Re: [PATCH net-next v5 1/4] bpf: add helper bpf_perf_event_read_value for perf event array map

2017-09-25 Thread Yonghong Song



On 9/21/17 8:15 AM, Alexei Starovoitov wrote:

On 9/20/17 4:07 PM, David Miller wrote:

From: Peter Zijlstra 
Date: Wed, 20 Sep 2017 19:26:51 +0200


Dave, could we have this in a topic tree of sorts, because I have a
pending series to rework all the timekeeping and it might be nice to not
have sfr run into all sorts of conflicts.


If you want to merge it into your tree that's fine.

But it means that any further development done on top of this
work will need to go via you as well.


can we merge this set of patches into both net-next and tip ?
We did such tricks in the past to avoid merge conflicts and
everything went fine during merge window.


Hi, Peter,

Any suggestion for merging this patch? Alexei's idea sounds
reasonable?

Thanks,

Yonghong


Re: [PATCH net-next v5 1/4] bpf: add helper bpf_perf_event_read_value for perf event array map

2017-09-21 Thread Alexei Starovoitov

On 9/20/17 4:07 PM, David Miller wrote:

From: Peter Zijlstra 
Date: Wed, 20 Sep 2017 19:26:51 +0200


Dave, could we have this in a topic tree of sorts, because I have a
pending series to rework all the timekeeping and it might be nice to not
have sfr run into all sorts of conflicts.


If you want to merge it into your tree that's fine.

But it means that any further development done on top of this
work will need to go via you as well.


can we merge this set of patches into both net-next and tip ?
We did such tricks in the past to avoid merge conflicts and
everything went fine during merge window.



Re: [PATCH net-next v5 1/4] bpf: add helper bpf_perf_event_read_value for perf event array map

2017-09-20 Thread David Miller
From: Peter Zijlstra 
Date: Wed, 20 Sep 2017 19:26:51 +0200

> Dave, could we have this in a topic tree of sorts, because I have a
> pending series to rework all the timekeeping and it might be nice to not
> have sfr run into all sorts of conflicts.
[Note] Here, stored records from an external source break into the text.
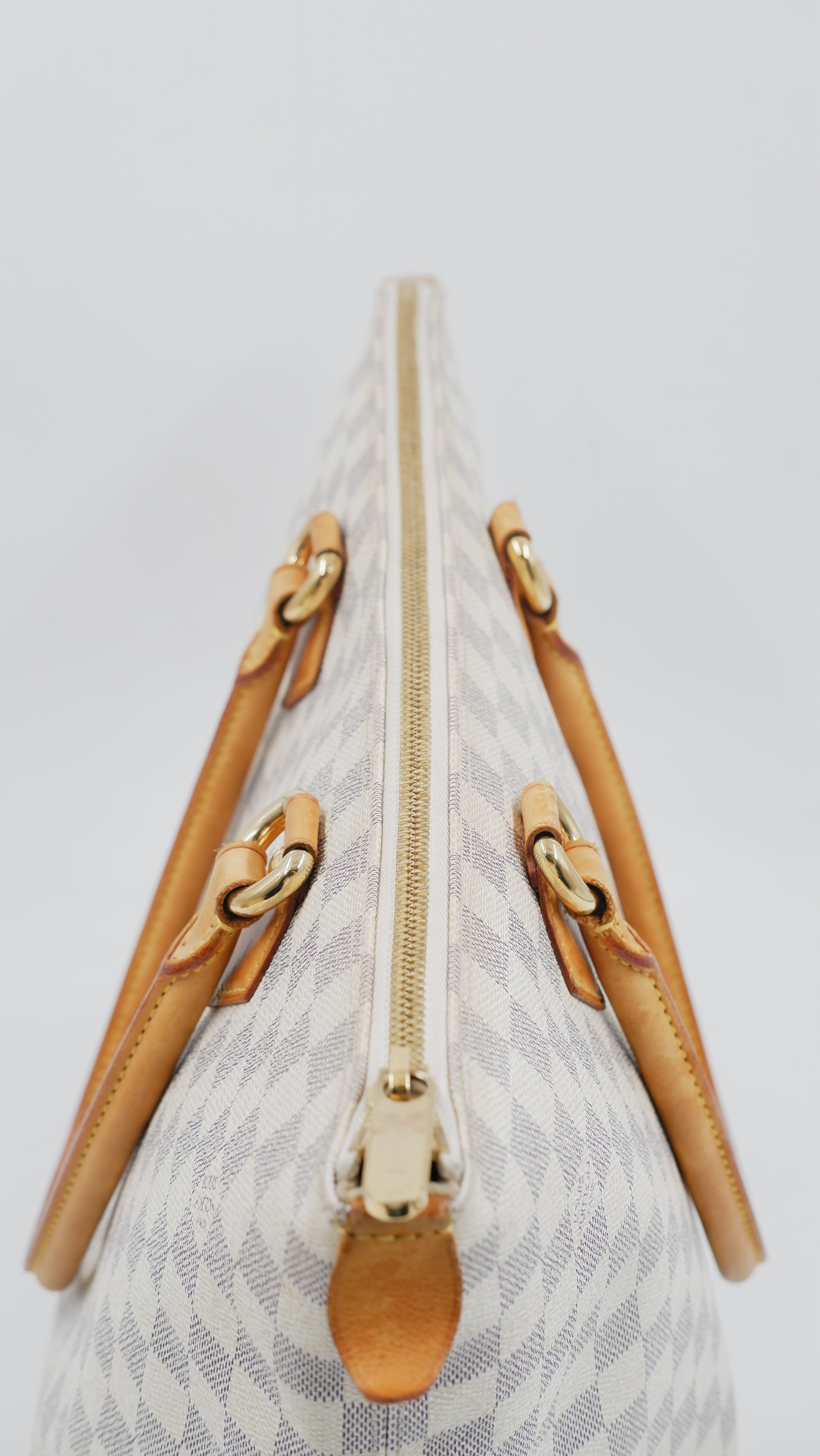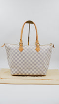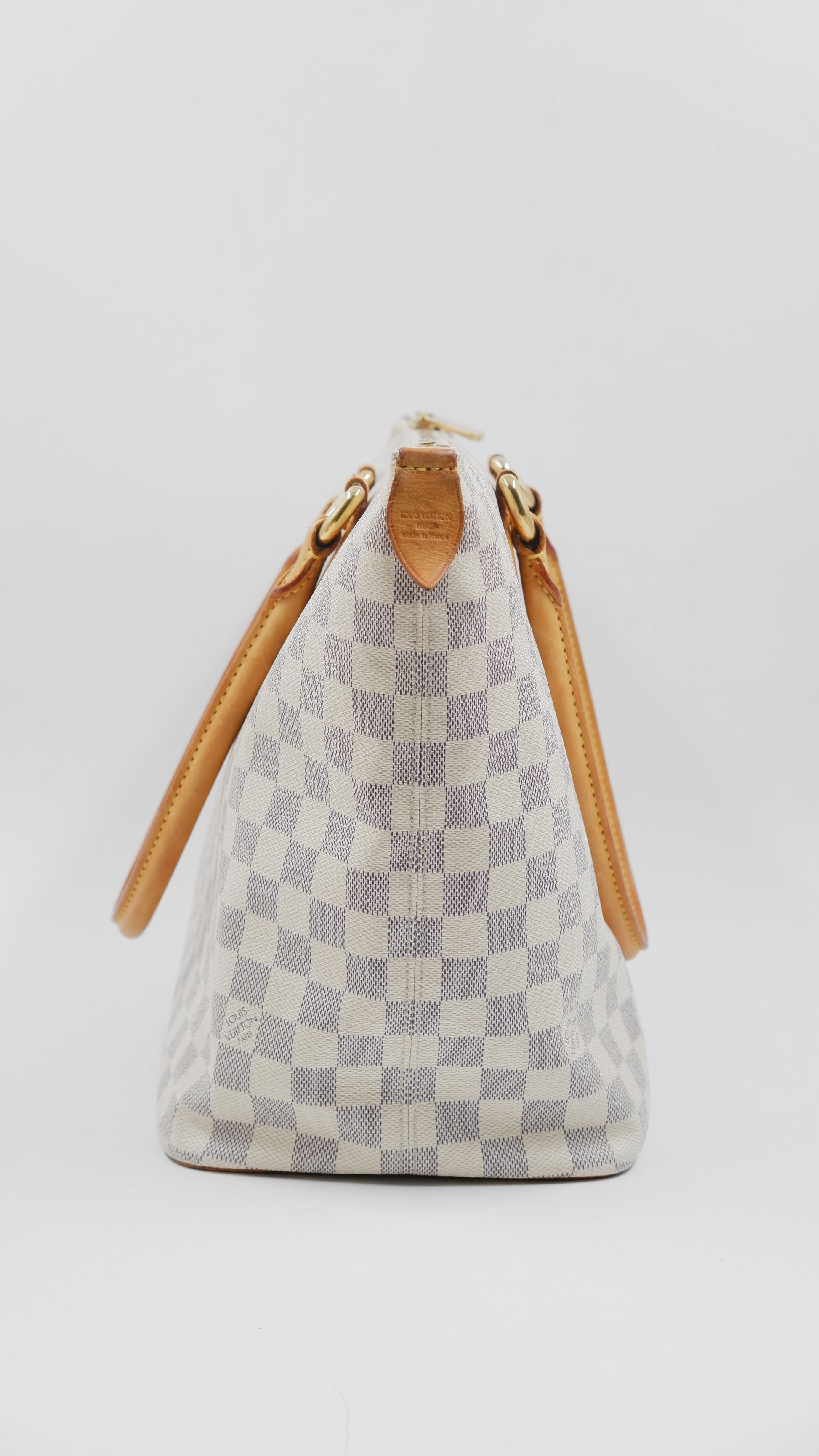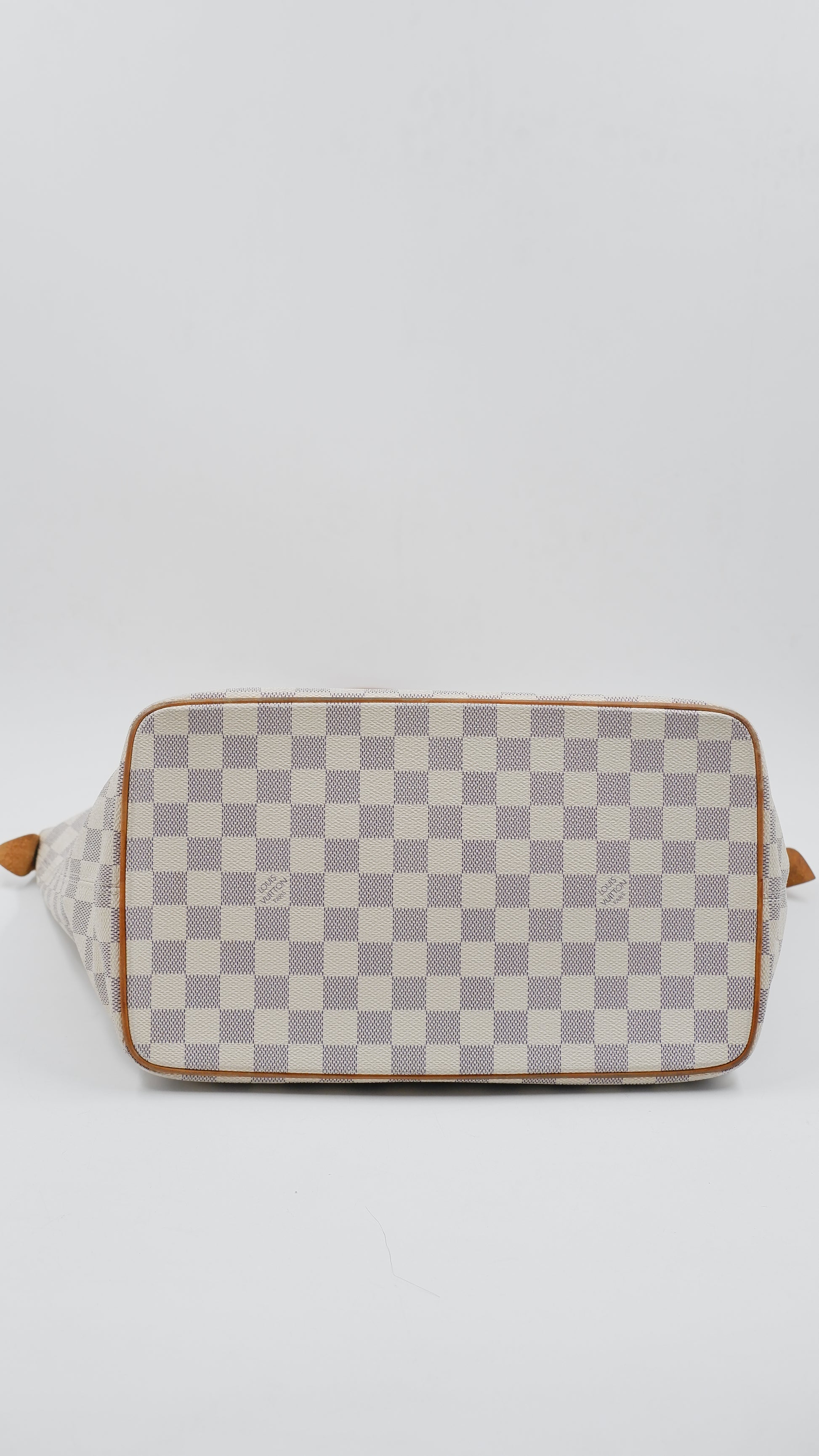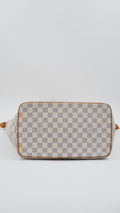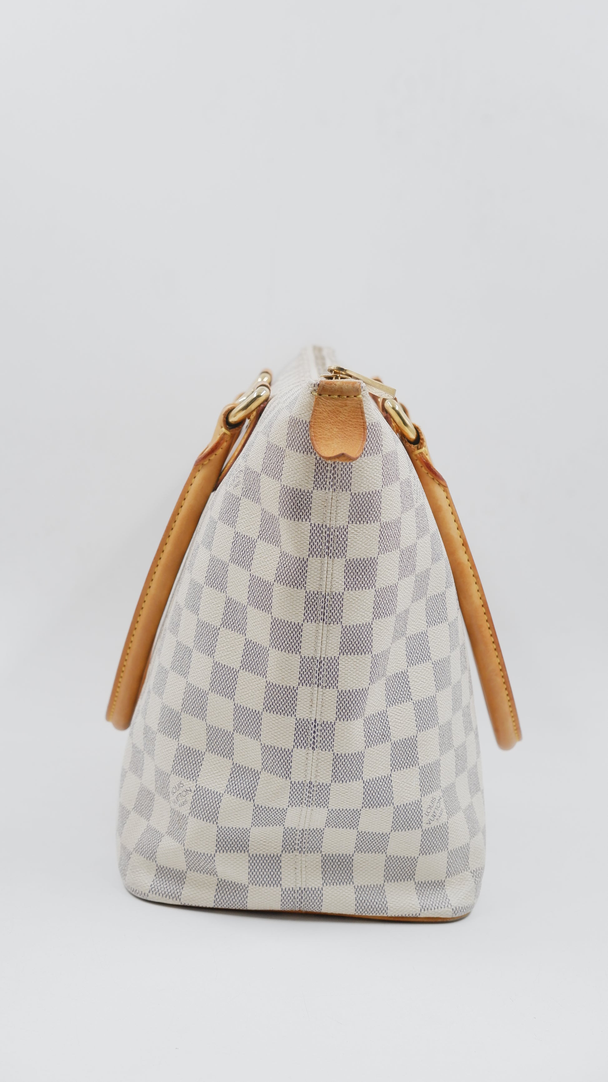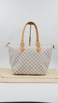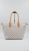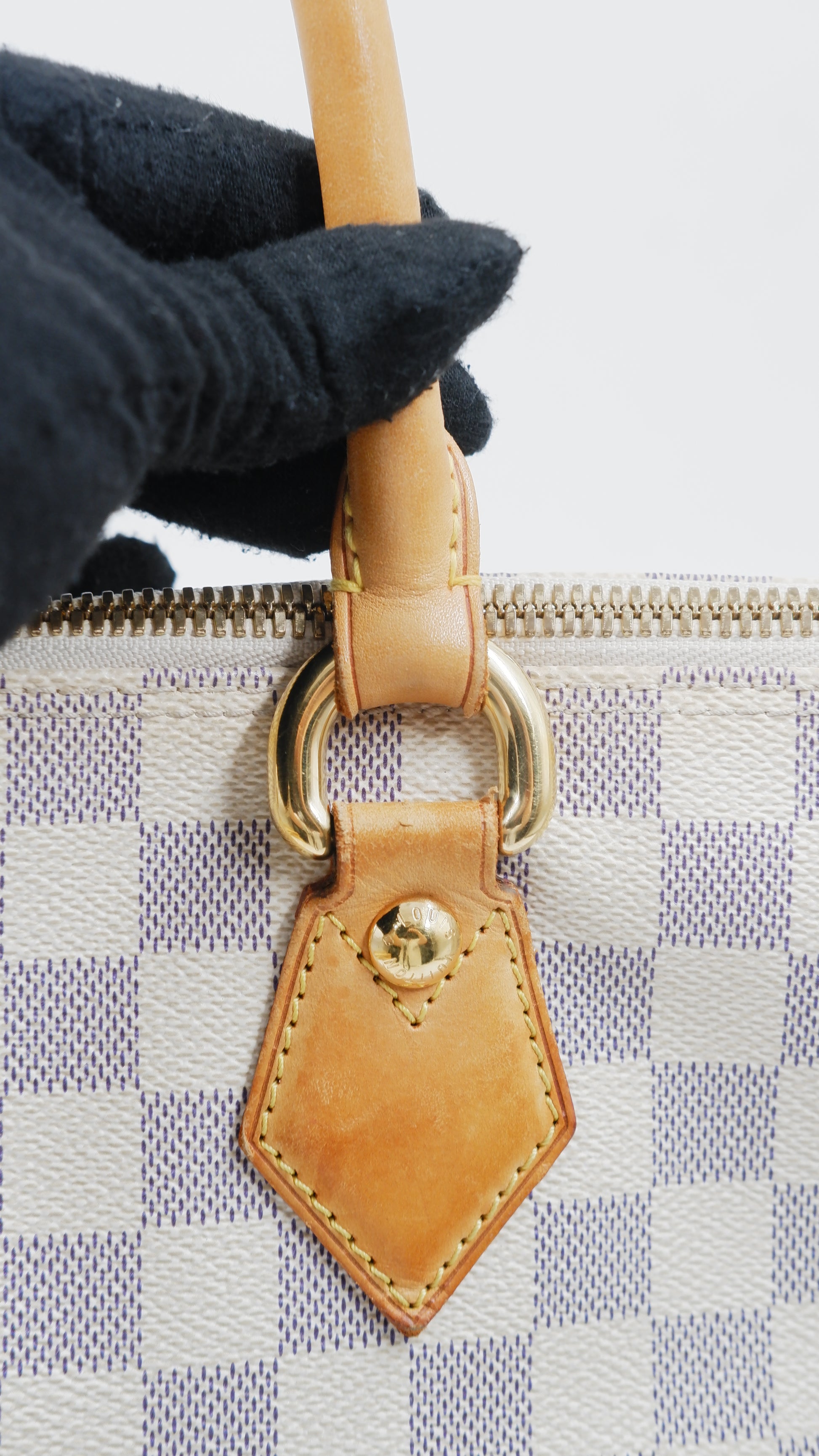 Experience timeless elegance with the Neverfull Zip Closure DE Azure MM, a luxurious leather tote crafted in France. This piece boasts an excellent overall condition, with pristine gray and white leather exterior and flawless interior, reflecting meticulous care and superior craftsmanship. Measuring L12 x W7 x H11 inches, it offers ample space for both daily essentials and sophisticated accessories. The gold hardware adds a refined touch, enhancing its classic aesthetic. Complete with the original dust bag, this tote is a perfect blend of functionality and style, ideal for those who appreciate understated luxury and enduring quality.
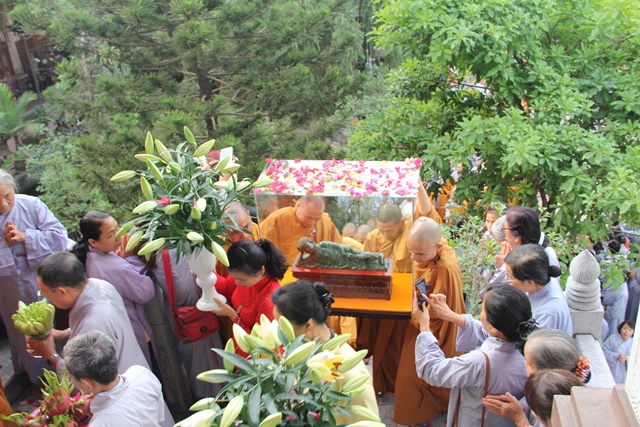 Một duyên lành cho Thiền Viện Trúc Lâm Sùng Phúc, vào lúc 7h30 sáng ngày Giỗ Tổ Bồ Đề Đạt Ma, toàn thể Chư Tôn Đức và Quý Phật Tử được cung đón tôn tượng Phật Ngọc của Đức Phật Bổn Sư Thích Ca Mâu Ni do Phật tử cúng dường. Ba hồi chuông trống bát nhã ngân vang, hoa tươi rải cúng dường trên từng bước chân an lạc cung đón tôn tượng Đức Phật về Chánh Điện.
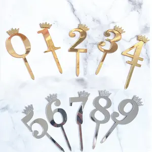 0-9 번호 케이크 토퍼 생일 축하 귀여운 크라운 번호 케이크 깃발 아크릴 컵케익 토퍼 생일 파티 케이크 장식 토퍼
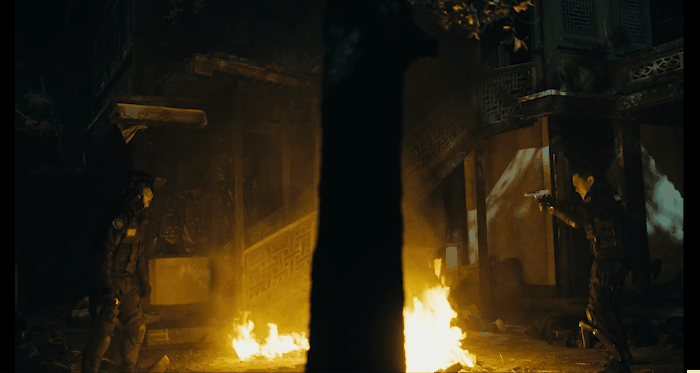 这种专业级的镜头运用,很容易令观众代入到小队成员视角,无需一句台词,便已令我们坠入那个肃杀且诡异、惊悚的氛围当中,深刻感受到将变丧尸的队员老庞选择用自杀解脱时,队友间浓烈的兄弟情义。
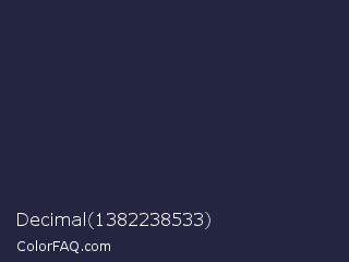 Decimal 1382238533 Color is a very dark blue color and the nearest color is Ebony Clay #26283b. Hex code #232541 and RGB value is rgb(35,37,65). In RGB color space, this color is composed of 14% red, 15% green, 25% blue, In CMYK color space, this color is composed of 46% cyan, 43% magenta, 0% yellow , 75% black , In HSL color space, this color has a hue angle of 236° , 30% saturation and 20% lightness.
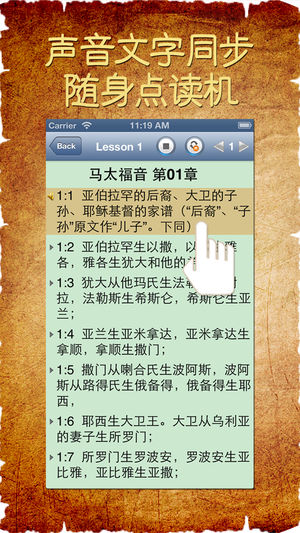 注意:该版本为中文朗读版,默认不显示英汉对照,您可以在设置里面选择打开英汉对照。 圣经新约全书(New Testament),由福音书(马太福音、马可福音、路加福音、约翰福音)、使徒行传、使徒书信和启示录组成。使徒书信分保罗书信和一般书信;保罗书信又分教会书信、个人书信、监狱书信和希伯来书。 追随上帝耶稣的踪迹,现在开启你的圣经新约之旅吧。 本应用具有进度管理功能,记录您阅读圣经的每一个足迹。 本应用具有经文测试功能,测试每一句经文。此功能Appstore仅此一家,不可错过。 本应用将帮助您有效的阅读圣经新约,其他特色: 1. 声音字幕同步,边听边读。 2. 点读功能,全文定位点读,点…
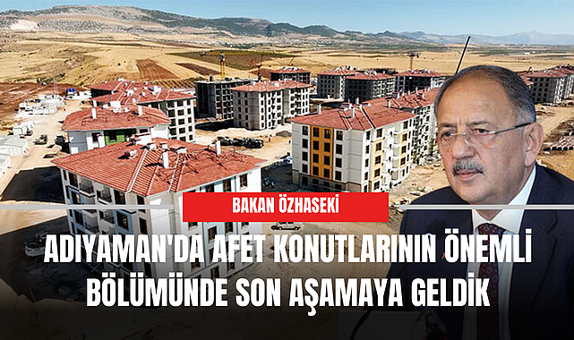 Çevre, Şehircilik ve İklim Değişikliği Bakanı Mehmet Özhaseki, "Adıyaman'da 41 bin 171 afet konutu, 23 bin 640 köy evi, 17 bin 392 depo-ahır ve iş yeri olmak üzere toplam 82 bin 203 bağımsız bölüm yapıyoruz. 41 bin 292 afet konutu ve köy evinin önemli bir bölümünde son aşamaya geldik" dedi.
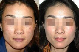 利用中医纳米波复合疗法,一方面中药独方调整内分泌,中药汉方外敷软化色斑,另一方面利用激光将雀斑击碎,相当于将麦子磨成面粉,被击碎的色素,可以被淋巴细胞吞噬,并随着组织循环排出体外,色素随之消退
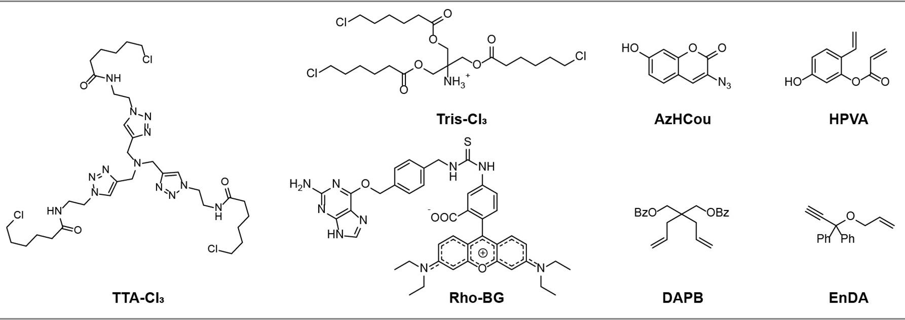 Note: The structures of TTA-Cl3, Tris-Cl3, Rho-BG, HVPA, DAPB, EnDA, and AzHCou are shown in Figure 2.
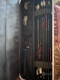 Vendo per inutilizzo stupendo arco olimpico con riser mancino pronto all'utilizzo con tutto quello che serve anche per rifare frecce.
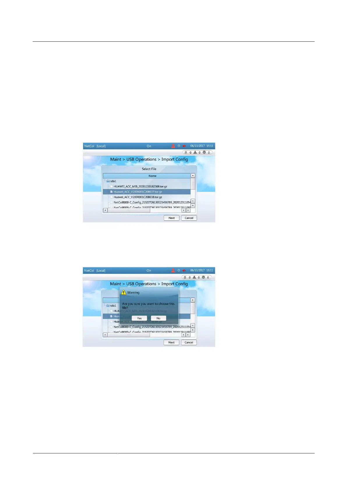 Step 1 Tap Maint > USB Operations > Import Config, as shown in Figure 6-31.

If you want to merge it into your tree that's fine.

But it means that any further development done on top of this
work will need to go via you as well.


Re: [PATCH net-next v5 1/4] bpf: add helper bpf_perf_event_read_value for perf event array map

2017-09-20 Thread Peter Zijlstra
On Tue, Sep 19, 2017 at 11:09:32PM -0700, Yonghong Song wrote:
> diff --git a/kernel/events/core.c b/kernel/events/core.c
> index 3e691b7..2d5bbe5 100644
> --- a/kernel/events/core.c
> +++ b/kernel/events/core.c
> @@ -3684,10 +3684,12 @@ static inline u64 perf_event_count(struct perf_event 
> *event)
>   * will not be local and we cannot read them atomically
>   *   - must not have a pmu::count method
>   */
> -int perf_event_read_local(struct perf_event *event, u64 *value)
> +int perf_event_read_local(struct perf_event *event, u64 *value,
> +   u64 *enabled, u64 *running)
>  {
>   unsigned long flags;
>   int ret = 0;
> + u64 now;
>  
>   /*
>* Disabling interrupts avoids all counter scheduling (context
> @@ -3718,14 +3720,21 @@ int perf_event_read_local(struct perf_event *event, 
> u64 *value)
>   goto out;
>   }
>  
> + now = event->shadow_ctx_time + perf_clock();
> + if (enabled)
> + *enabled = now - event->tstamp_enabled;
>   /*
>* If the event is currently on this CPU, its either a per-task event,
>* or local to this CPU. Furthermore it means its ACTIVE (otherwise
>* oncpu == -1).
>*/
> - if (event->oncpu == smp_processor_id())
> + if (event->oncpu == smp_processor_id()) {
>   event->pmu->read(event);
> -
> + if (running)
> + *running = now - event->tstamp_running;
> + } else if (running) {
> + *running = event->total_time_running;
> + }
>   *value = local64_read(>count);
>  out:
>   local_irq_restore(flags);

Yeah, this looks about right.

Dave, could we have this in a topic tree of sorts, because I have a
pending series to rework all the timekeeping and it might be nice to not
have sfr run into all sorts of conflicts.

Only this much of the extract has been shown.